A payment on a borrower's plan in the middle of the month when escrow changes could be disrupted if servicers do not immediately connect the two and stall loans, she said.
"There's a lot of confusion about escrow so that the borrower doesn't understand it half the time. Why did it change? Why is it more now? So I think that complexity of that causes people, or borrowers, to back off and just say, 'I don't understand this. I can't do this,'" Mason said
A backlog some say will clear soon
Another thing to consider is that while there are some external factors playing into the rule-related uptick in trial modifications such as higher escrows and signs of economic strain in some cases, the impact of the pandemic backlog should be temporary.
Onity indicated in its earnings call that there is a light at the end of the tunnel.
"We've improved our communication frequency of early intervention and introduced digital tools to assist borrowers. We continue to expect FHA delinquencies will normalize by the end of the second quarter," said Glen Messina, the company's president, CEO and chair.
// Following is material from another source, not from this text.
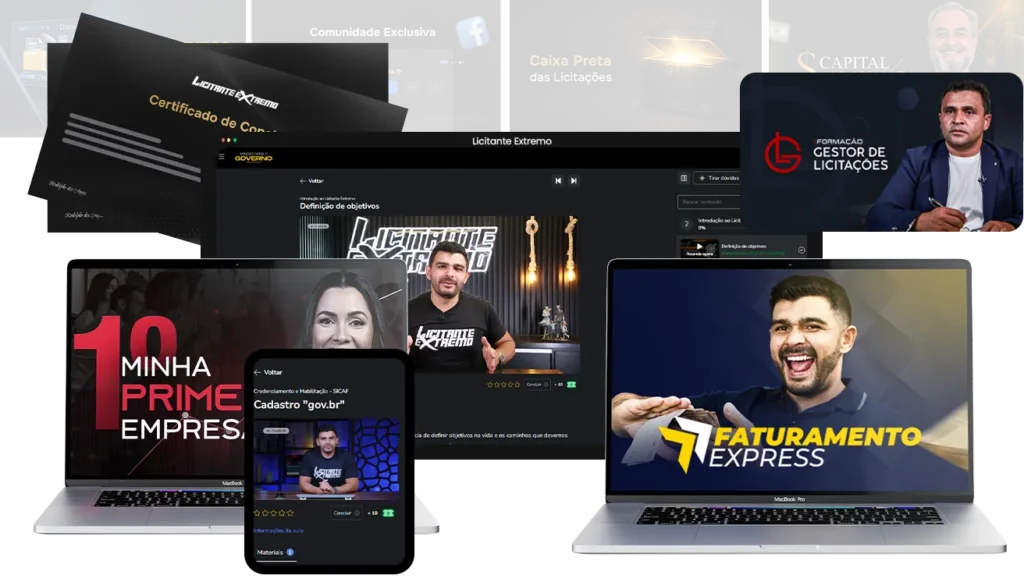As aulas mostram todo o passo a passo que você deve seguir, desde o cadastro nos Portais de Licitações do Governo, até a participação de uma licitação na prática.
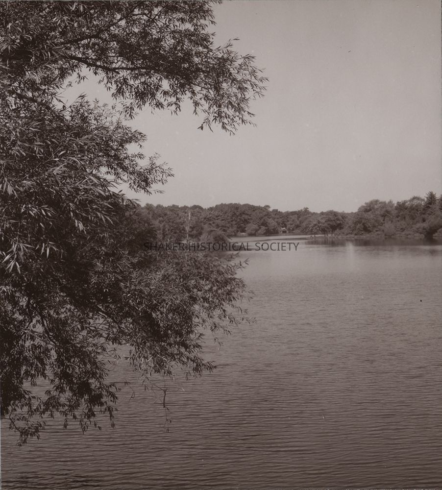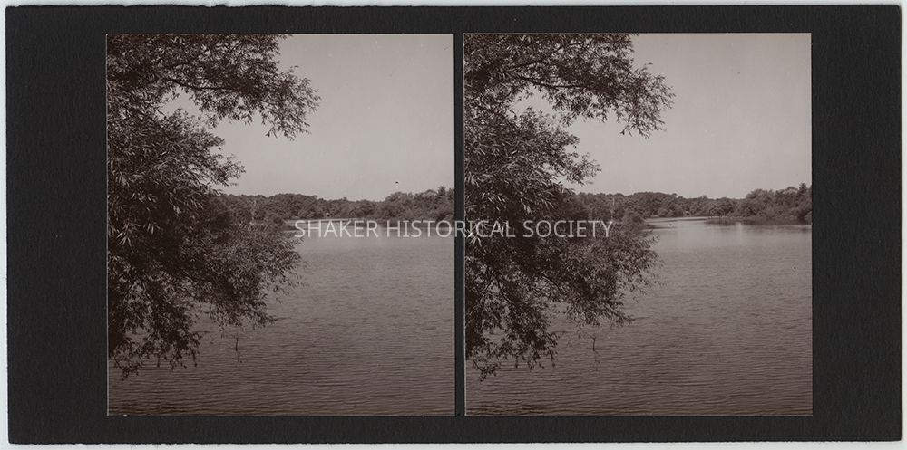 Toned black-and-white stereograph by Ladis Lisy of Lower Lake. The Brook Road bridge and spillway are visible in the background. Photographs are mounted on black board with handwritten notes on verso.Photograph Details

Tozer said the fact that higher FHA delinquencies stem more from a pandemic backlog rather than being a more open-ended issue provides some comfort.
"This is kind of cleaning out a lot of some loans that probably should have gone through foreclosure and gotten dealt with years ago," Tozer said. "Even though we're seeing these, double-digit delinquencies, I just take solace in saying, 'Well, in reality, if these loans had been dealt with in a more timely manner. They wouldn't look quite so bad as they do today.'"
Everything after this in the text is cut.